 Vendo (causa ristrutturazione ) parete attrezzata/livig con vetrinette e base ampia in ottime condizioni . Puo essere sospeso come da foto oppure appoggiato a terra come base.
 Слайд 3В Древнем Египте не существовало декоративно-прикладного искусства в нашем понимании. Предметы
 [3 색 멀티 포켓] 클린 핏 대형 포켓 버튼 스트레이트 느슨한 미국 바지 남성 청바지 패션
* * *
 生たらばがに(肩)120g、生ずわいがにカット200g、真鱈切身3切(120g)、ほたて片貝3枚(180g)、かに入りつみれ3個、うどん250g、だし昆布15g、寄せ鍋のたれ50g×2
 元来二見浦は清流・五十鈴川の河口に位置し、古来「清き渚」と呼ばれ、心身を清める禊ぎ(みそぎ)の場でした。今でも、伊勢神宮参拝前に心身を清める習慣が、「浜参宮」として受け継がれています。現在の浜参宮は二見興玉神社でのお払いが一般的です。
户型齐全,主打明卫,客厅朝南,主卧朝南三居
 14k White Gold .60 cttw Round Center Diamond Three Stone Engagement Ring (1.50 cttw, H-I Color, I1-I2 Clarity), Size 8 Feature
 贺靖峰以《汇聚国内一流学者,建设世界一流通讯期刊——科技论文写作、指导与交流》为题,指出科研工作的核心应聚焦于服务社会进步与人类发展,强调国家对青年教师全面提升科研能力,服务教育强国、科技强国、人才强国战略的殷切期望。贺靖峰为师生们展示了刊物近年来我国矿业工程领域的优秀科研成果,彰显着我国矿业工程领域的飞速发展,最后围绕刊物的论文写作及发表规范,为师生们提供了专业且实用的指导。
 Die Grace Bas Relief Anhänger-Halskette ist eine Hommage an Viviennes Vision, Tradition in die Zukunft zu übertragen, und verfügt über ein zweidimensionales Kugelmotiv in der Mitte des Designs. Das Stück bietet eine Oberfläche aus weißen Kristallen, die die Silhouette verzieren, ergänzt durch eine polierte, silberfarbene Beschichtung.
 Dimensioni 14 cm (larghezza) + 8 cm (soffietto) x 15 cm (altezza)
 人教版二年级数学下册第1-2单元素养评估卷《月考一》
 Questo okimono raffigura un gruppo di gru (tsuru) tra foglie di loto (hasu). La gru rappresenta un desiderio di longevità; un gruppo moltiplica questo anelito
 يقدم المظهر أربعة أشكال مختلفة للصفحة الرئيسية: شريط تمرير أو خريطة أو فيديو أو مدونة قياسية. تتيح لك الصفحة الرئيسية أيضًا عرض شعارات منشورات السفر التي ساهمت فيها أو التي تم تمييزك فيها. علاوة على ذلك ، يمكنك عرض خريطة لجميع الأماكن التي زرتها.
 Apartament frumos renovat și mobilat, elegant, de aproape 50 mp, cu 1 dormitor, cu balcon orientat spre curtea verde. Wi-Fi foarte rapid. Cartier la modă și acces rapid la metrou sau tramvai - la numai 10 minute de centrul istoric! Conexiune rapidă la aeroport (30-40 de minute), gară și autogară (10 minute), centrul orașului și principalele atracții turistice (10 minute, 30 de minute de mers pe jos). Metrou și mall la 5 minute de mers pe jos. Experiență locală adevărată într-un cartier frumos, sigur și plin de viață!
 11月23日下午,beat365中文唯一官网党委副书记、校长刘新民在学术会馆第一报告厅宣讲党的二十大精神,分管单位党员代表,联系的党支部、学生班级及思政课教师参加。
---
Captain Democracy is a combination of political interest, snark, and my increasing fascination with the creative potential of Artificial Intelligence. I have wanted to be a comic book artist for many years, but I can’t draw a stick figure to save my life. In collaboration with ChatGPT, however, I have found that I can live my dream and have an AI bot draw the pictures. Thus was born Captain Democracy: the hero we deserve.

● **REQUIREMENT**
Reproduce word for word the material above, starting with the line that has "Vendo (causa ristrutturazione" and stopping after the line that has "[3 색 멀티 포켓]".

● **YOUR SOLUTION**
 Vendo (causa ristrutturazione ) parete attrezzata/livig con vetrinette e base ampia in ottime condizioni . Puo essere sospeso come da foto oppure appoggiato a terra come base.
 Слайд 3В Древнем Египте не существовало декоративно-прикладного искусства в нашем понимании. Предметы
 [3 색 멀티 포켓] 클린 핏 대형 포켓 버튼 스트레이트 느슨한 미국 바지 남성 청바지 패션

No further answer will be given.